“Investors look as if they increasingly fear the central bank will become more aggressive with the pace of interest rates to try and curb inflation, given May’s cost of living figures were higher than expected,” Russ Mold, investment director at AJ Bell, said in commentary Tuesday. “A decision to raise rates by more than half a percentage point could cause chaos in the markets and put a bigger dent into investors’ portfolios than they’ve already seen this year.”
The S&P 500, which plunged 3.9 percent Monday to push into a bear market – defined as a 20 percent drop from a recent high – edged up 0.5 percent after opening bell Tuesday. The tech-heavy Nasdaq rebounded 0.7 percent after losing more than 4.7 percent the day before. The Dow Jones industrial average edged up 0.2 percent.
The three indexes come into Tuesday’s session with deep deficits on the year: The S&P 500 has slumped 21 percent in 2022 and the Dow 16 percent. The Nasdaq, deep into its own bear market, has shed nearly 31 percent.
Cboe’s volatility index, known as Wall Street’s “fear gauge,” is up 92 percent for the year according to MarketWatch.
“Fears of stagflation have hit the highest level since 2008, while global economic growth optimism has sunk to a record low,” Ivan Feinseth, chief investment officer at Tigress Financial Partners, said Tuesday in a commentary.
What is stagflation? Here’s why it matters and what you should know.
Cryptocurrencies continued their precipitous plunge as investors flocked to safer ground, with bitcoin careening below $ 22,000. Back in November, it was trading above $ 65,000.
Coinbase, the biggest cryptocurrency trading platform, announced Tuesday that it would slash its workforce by 18 percent – at least 1,000 positions by current head counts – as it prepares for another possible recession and “crypto winter,” according to chief executive Brian Armstrong. The company’s shares slumped 7 percent in early trading.
Armstrong’s comments echo those of Jamie Dimon, Elon Musk and other executives that have been signaling caution about the state of the economy. More than 15,000 tech workers were laid off last month according to data from Layoffs.fyi, the highest since the early days of the pandemic.
2022 has already delivered a nonstop storm of uncertainty for investors and companies, from a vexed supply chain to labor shortages, soaring prices and the vast fallout from the war in Ukraine. Now, the outlook is only getting tougher, dragging down even big names that seemed Teflon throughout much of the pandemic: Amazon’s shares are down nearly 40 percent for the year; Tesla, 46 percent; Meta, 51 percent; and Peloton 72 percent.
In May, consumer prices shot up another 1 percent compared to April to a pandemic-era peak of 8.6 percent according to data from the Bureau of Labor Statistics, as soaring energy, housing and food prices drive up costs at the fastest pace in 40 years .
Wholesale prices are up 10.8 percent from a year ago, according to a recent reading of the Producer Price Index on Tuesday, near a record annual pace as inflation puts pressure on every rung of the supply chain.

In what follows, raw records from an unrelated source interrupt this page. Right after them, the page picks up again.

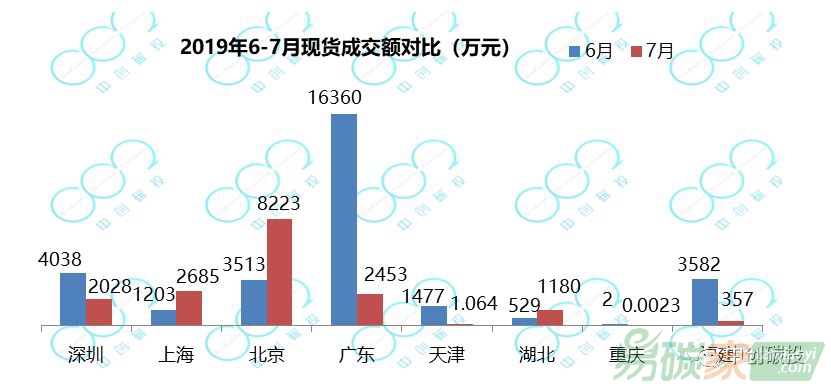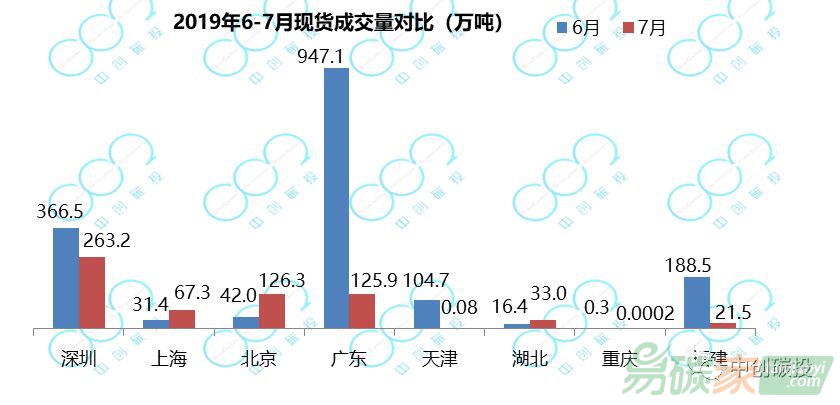 2019年7月,各二級市場共計(jì)成交量637.4萬噸,本月較6月(1697.0萬噸)下降了62.44%,當(dāng)月總成交額1.69億元,較6月(3.07億元)下降了45%。天津、重慶、廣東、深圳和福建于6月底基本截止履約, 7月份交易量較6月有明顯收緊。北京、湖北、上海
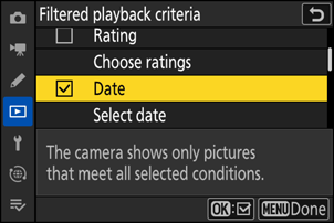 - Markeer [ Datum selecteren ] en druk op 2 om een datum te selecteren als gefilterde afspeelcriteria.
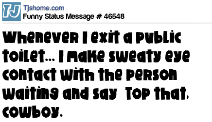 - # 29511 Whenever I exit a public toilet, I make sweaty eye contact with the person waiting & say "Top that, cowboy."
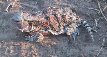 we saw him: A horned toad, shown at left. I'd never seen one in the wild

Transportation and warehousing costs jumped 2.9 percent, suggesting supply chain pressures will continue to weigh on businesses and consumers.
Consumer spending is the primary engine of the US economy, powering roughly 70 percent of the country’s gross domestic product. But evidence is mounting that households are being forced to cut back amid the surging prices; consumer sentiment plummeted 14 percent in May to a record low according to the University of Michigan’s consumer sentiment index.
The national average for gas surpassed $ 5.01 Tuesday, another fresh high according to data tracked by AAA. A year ago, the national average was $ 3.08.